Having seen me coming as I ran on the road towards him, his face was a cocktail of embarrassment, apprehension and defiance. Why was he embarrassed? Because, I surmised, he’d been caught eating his ‘wog’ food, some kind of weird concoction we don’t yet eat. Why was he apprehensive? Because a white man was running towards him, possibly with hostile intent. Why was he defiant? Because he’d been in Australia long enough to know that he had to be?

He’d been here long enough to organise a car and a job, so whatever his first language, whatever difficulties he had with English, he’d heard strident rants perhaps on a building site and cascades of invective about the foreigners on talkback radio. Perhaps, like the rest of us, he hears simple language used over and over to frighten us, used like a drum that never stops beating. ‘Stop the boats! Stop the boats!’

He knows it’s not really the boats that are the problem. Why has a nation of some 23 million been obsessed for the last ten years or more with a problem that sees, at most, 6000 desperate people caught trying to come to Australia without permission? It can’t be the number itself because 6000 out of 23 million is insignificant. Let’s be honest with each other. We know, just as the man in the ute knows, it’s the kind of people who are trying to get here. What kind of people are they? They’re brown, they’re Asian, sometimes they’re black, they’re poor, they don’t speak English. This is not really a national problem deserving of the almost relentless attention it’s been getting in the Australian media for more than ten years: more attention than the Indians who get bashed and sometimes murdered on our streets; more attention than the massive disparity in life expectancy, educational and employment opportunities between indigenous Australians and the rest of us; more attention than the fact that our farmers are getting squeezed till they can barely afford to stay on the land and the country towns they’re from are losing their young; more attention than the fact that 47 per cent of adult Australians are functionally illiterate; more attention than the exporting of jobs offshore; more attention than the destruction of our manufacturing sector to the point where we don’t really make anything here but lattes and hairdressing appointments; more attention than the disguised unemployment that sees just under two million people wanting to work full time now or in the next four weeks having either no work or too little; more attention than the more than two million Australians who live in a household where no-one has a job. These are among Australia’s real problems. These problems really matter. Then there are the environmental problems that are just our own and the existential problem we share with the rest of the world—climate change.

But despite these very real and pressing problems Australia faces, we’re more likely to wake up to the chant in the media: ‘Stop the boats!
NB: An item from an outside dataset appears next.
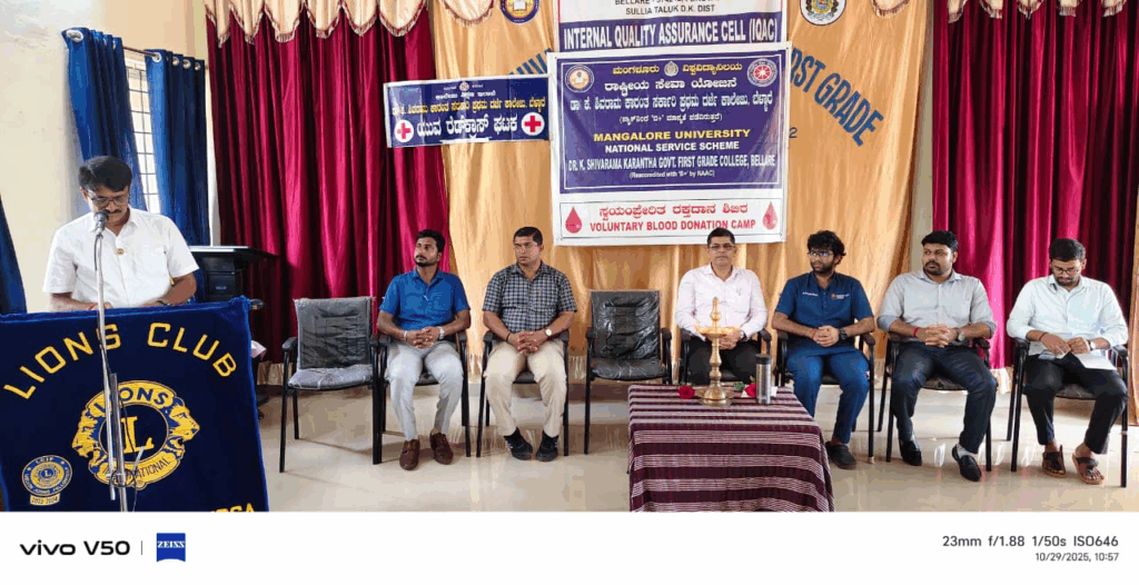 ಡಾ. ಶಿವರಾಮ ಕಾರಂತ ಪ್ರಥಮ ದರ್ಜೆ ಕಾಲೇಜು ಬೆಳ್ಳಾರೆ, ರಾಷ್ಟ್ರೀಯ ಸೇವಾ ಯೋಜನೆ ಮತ್ತು ಯುವ ರೆಡ್ ಕ್ರಾಸ್ ಸಂಸ್ಥೆ, ಲಯನ್ಸ್ ಕ್ಲಬ್ ಬೆಳ್ಳಾರೆ ಜಲದುರ್ಗ, ಕಾಲೇಜಿನ ಹಿರಿಯ ವಿದ್ಯಾರ್ಥಿ ಸಂಘ ಮತ್ತು ವೆನ್ ಲಾಕ್ ಆಸ್ಪತ್ರೆ ಮಂಗಳೂರು ಇವುಗಳ ಸಂಯುಕ್ತ ಆಶ್ರಯದಲ್ಲಿ ಸ್ವಯಂ ಪ್ರೇರಿತ ರಕ್ತದಾನ ಶಿಬಿರ ಅ. 29ರಂದು ಕಾಲೇಜಿನ ಆವರಣದಲ್ಲಿ ನಡೆಯಿತು.
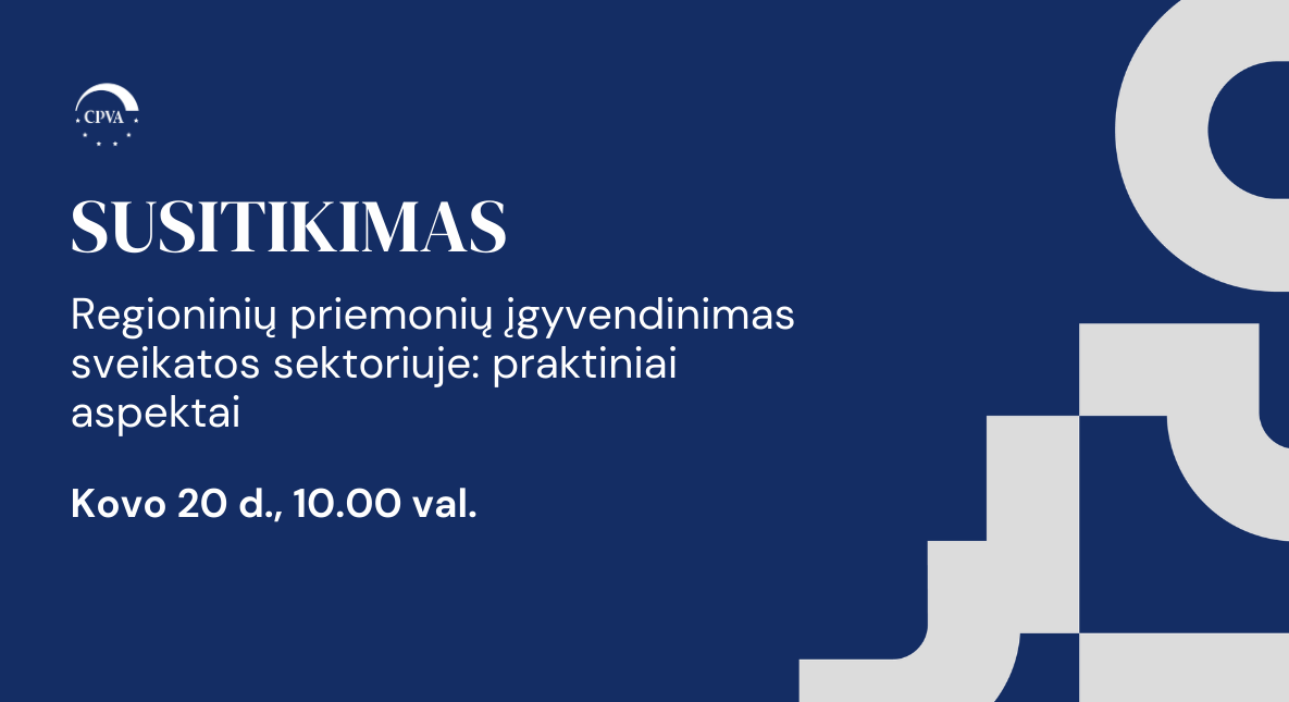 Centrinė projektų valdymo agentūra (CPVA) maloniai kviečia projektų vykdytojus į susitikimą-diskusiją „Regioninių priemonių įgyvendinimas sveikatos sektoriuje: praktiniai aspektai“ apie projektų, įgyvendinamų pagal regioninių priemonių gaires.

Stop the boats!’ And we keep hearing that because both major parties find these other problems so difficult they don’t even acknowledge the existence of most of them. But they know that there are votes in the exploitation of the latent xenophobia in most of us. And so they compete with each other in their exclusion of the weak and persecuted with a different skin colour or different religion.

A few mornings after I first saw the brown-skinned workman eating something in the cabin of his ute, I was pounding the streets when I saw him in his ute again. This time there was a child beside him, a little boy looking every inch the boyhood version of his father. While his father instinctively looked away as I came towards the ute, the little boy’s attention was captivated by the person running in a regular rhythm and getting closer and closer as I came towards them. Children are not born hating or fearing other groups. We teach them that. In fact, children don’t even know who’s in their group and who isn’t. Ask a six-year-old to name the kids in his or her class and he or she will give you a list of names that includes many nearly unpronounceable ones without realising that any of those names are unusual.

The little boy’s black eyes widened as I drew level with him and his dad inside their ute. He smiled, and when I waved he gave me a cheery wave back. Will he grow up with an experience of life in Australia engendering a ready-made expression of embarrassment, apprehension and defiance whenever a stranger looks at him? Or will he keep smiling and waving? The default expression he acquires, between now and the time he grows up, will be determined by us. Which is it going to be? It’s entirely up to you.

This is a speech Elliot Perlman gave in February at the Wheeler Centre Gala 2012 in Melbourne.